[MATERIAL TO PROCESS]:
+++
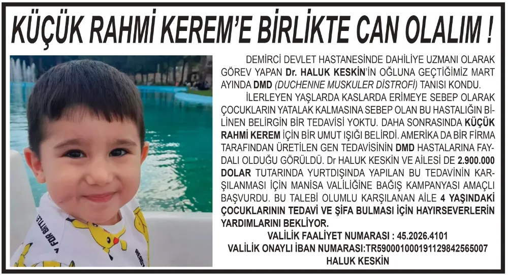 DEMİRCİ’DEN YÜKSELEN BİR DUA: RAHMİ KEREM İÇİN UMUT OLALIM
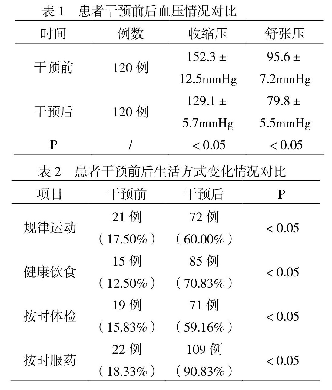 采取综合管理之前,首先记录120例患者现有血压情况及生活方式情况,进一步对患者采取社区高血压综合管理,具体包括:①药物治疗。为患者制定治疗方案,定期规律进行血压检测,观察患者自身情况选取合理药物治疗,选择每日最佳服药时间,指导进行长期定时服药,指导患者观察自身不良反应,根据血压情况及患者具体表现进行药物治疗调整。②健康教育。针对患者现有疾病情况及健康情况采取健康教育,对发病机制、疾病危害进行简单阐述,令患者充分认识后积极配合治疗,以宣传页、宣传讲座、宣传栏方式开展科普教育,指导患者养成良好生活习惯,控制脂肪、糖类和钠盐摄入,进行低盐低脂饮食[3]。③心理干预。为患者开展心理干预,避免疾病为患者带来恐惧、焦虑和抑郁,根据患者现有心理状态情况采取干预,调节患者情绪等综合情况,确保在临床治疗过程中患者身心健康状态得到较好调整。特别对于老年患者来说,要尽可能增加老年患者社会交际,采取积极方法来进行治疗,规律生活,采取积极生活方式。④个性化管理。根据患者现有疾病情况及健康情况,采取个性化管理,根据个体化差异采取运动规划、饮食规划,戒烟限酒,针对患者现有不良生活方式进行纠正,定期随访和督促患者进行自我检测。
+++
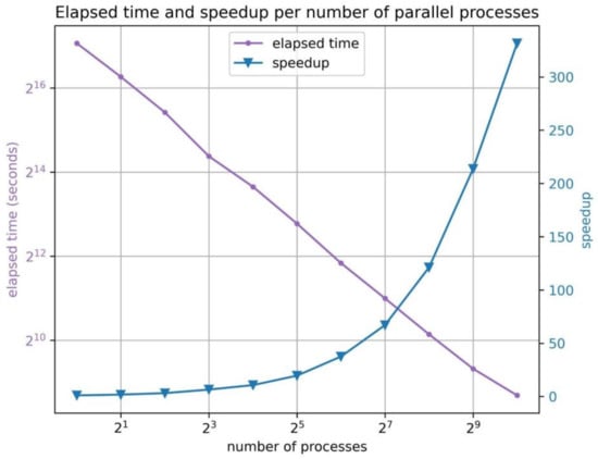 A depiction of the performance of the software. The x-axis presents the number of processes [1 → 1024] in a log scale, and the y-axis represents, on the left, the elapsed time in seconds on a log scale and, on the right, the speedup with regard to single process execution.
+++
The answer is the lines of the material above, from the one containing "DEMİRCİ’DEN YÜKSELEN BİR" down to the one containing "采取综合管理之前,首先记录1", given exactly and without images.

 DEMİRCİ’DEN YÜKSELEN BİR DUA: RAHMİ KEREM İÇİN UMUT OLALIM
 采取综合管理之前,首先记录120例患者现有血压情况及生活方式情况,进一步对患者采取社区高血压综合管理,具体包括:①药物治疗。为患者制定治疗方案,定期规律进行血压检测,观察患者自身情况选取合理药物治疗,选择每日最佳服药时间,指导进行长期定时服药,指导患者观察自身不良反应,根据血压情况及患者具体表现进行药物治疗调整。②健康教育。针对患者现有疾病情况及健康情况采取健康教育,对发病机制、疾病危害进行简单阐述,令患者充分认识后积极配合治疗,以宣传页、宣传讲座、宣传栏方式开展科普教育,指导患者养成良好生活习惯,控制脂肪、糖类和钠盐摄入,进行低盐低脂饮食[3]。③心理干预。为患者开展心理干预,避免疾病为患者带来恐惧、焦虑和抑郁,根据患者现有心理状态情况采取干预,调节患者情绪等综合情况,确保在临床治疗过程中患者身心健康状态得到较好调整。特别对于老年患者来说,要尽可能增加老年患者社会交际,采取积极方法来进行治疗,规律生活,采取积极生活方式。④个性化管理。根据患者现有疾病情况及健康情况,采取个性化管理,根据个体化差异采取运动规划、饮食规划,戒烟限酒,针对患者现有不良生活方式进行纠正,定期随访和督促患者进行自我检测。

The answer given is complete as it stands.